Phillip J. Eby pje at telecommunity.com
Thu Apr 22 13:55:07 EDT 2004


At 12:22 PM 4/22/04 -0400, Jewett, Jim J wrote:
>At 04:39 PM 4/21/04 -0400, Jewett, Jim J wrote:
> >>>> If this is really only about globals and builtins,
> >>>> then you can just initialize each module's dictionary
> >>>> with a copy of builtins.
>
>(Note that Raymond's original proposal was much stronger;
>instead of just moving builtins to globals, it moved both
>builtins and globals into locals.)

But at least it was still backward-compatible with respect to what actually 
is found in the module's globals.


> >>Phillip J. Eby:
> >>> There's only one problem with this idea, and it's a big
> >>> one: 'import *' would now include all the builtins,
>
> >> Why is this bad?
>
> > Because some modules are examined by software, and only
> > the expected names belong there.  For example, I believe
> > if you run 'pydoc' on such a module, it will proceed to
> > document all the builtins.
>
>Fair enough.  But that software could compare against
>builtins, and do a set-minus.

It *could*, but it's wasteful to break such programs without necessity.

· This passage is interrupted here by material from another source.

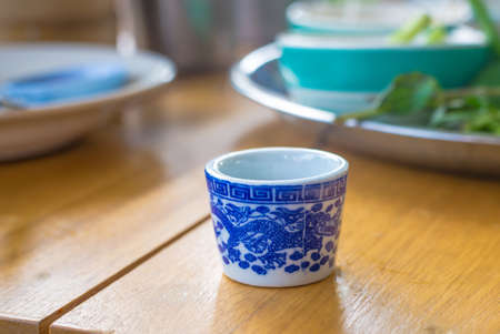 Traditional porcelain bowl on a rustic background. Selective focus.

>But note that import * _already_ imports names which
>shadow builtins, so the only real change would be when
>the imported module does *not* shadow a builtin, but
>your own module does (and does so before the import,
>perhaps because of an earlier import *).
>
>If you want to protect even this obscure case, import
>could be changed to special-case builtins.

I think you're missing the part where builtins change from one release to 
the next.  I might have had a global named 'zip' or 'enumerate' in a Python 
1.5 program, and when I upgrade to 2.4 I am now "shadowing a builtin".